____ SUPPLIED RECORDS

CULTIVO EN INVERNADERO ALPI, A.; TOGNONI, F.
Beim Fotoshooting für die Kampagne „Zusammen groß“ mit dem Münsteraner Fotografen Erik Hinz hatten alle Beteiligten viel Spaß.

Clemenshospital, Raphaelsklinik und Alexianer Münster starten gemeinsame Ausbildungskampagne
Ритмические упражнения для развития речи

________
____ SUPPLIED RECORDS

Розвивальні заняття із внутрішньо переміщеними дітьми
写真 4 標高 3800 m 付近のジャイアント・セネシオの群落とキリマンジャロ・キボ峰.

________

▶ _HOW TO COMPLETE THIS TASK_
Would you retype exactly the lines above, from the line with "Beim Fotoshooting für" to the line with "Ритмические упражнения для развития речи", with both end lines kept and nothing more?

▶ _TASK OUTPUT_
Beim Fotoshooting für die Kampagne „Zusammen groß“ mit dem Münsteraner Fotografen Erik Hinz hatten alle Beteiligten viel Spaß.

Clemenshospital, Raphaelsklinik und Alexianer Münster starten gemeinsame Ausbildungskampagne
Ритмические упражнения для развития речи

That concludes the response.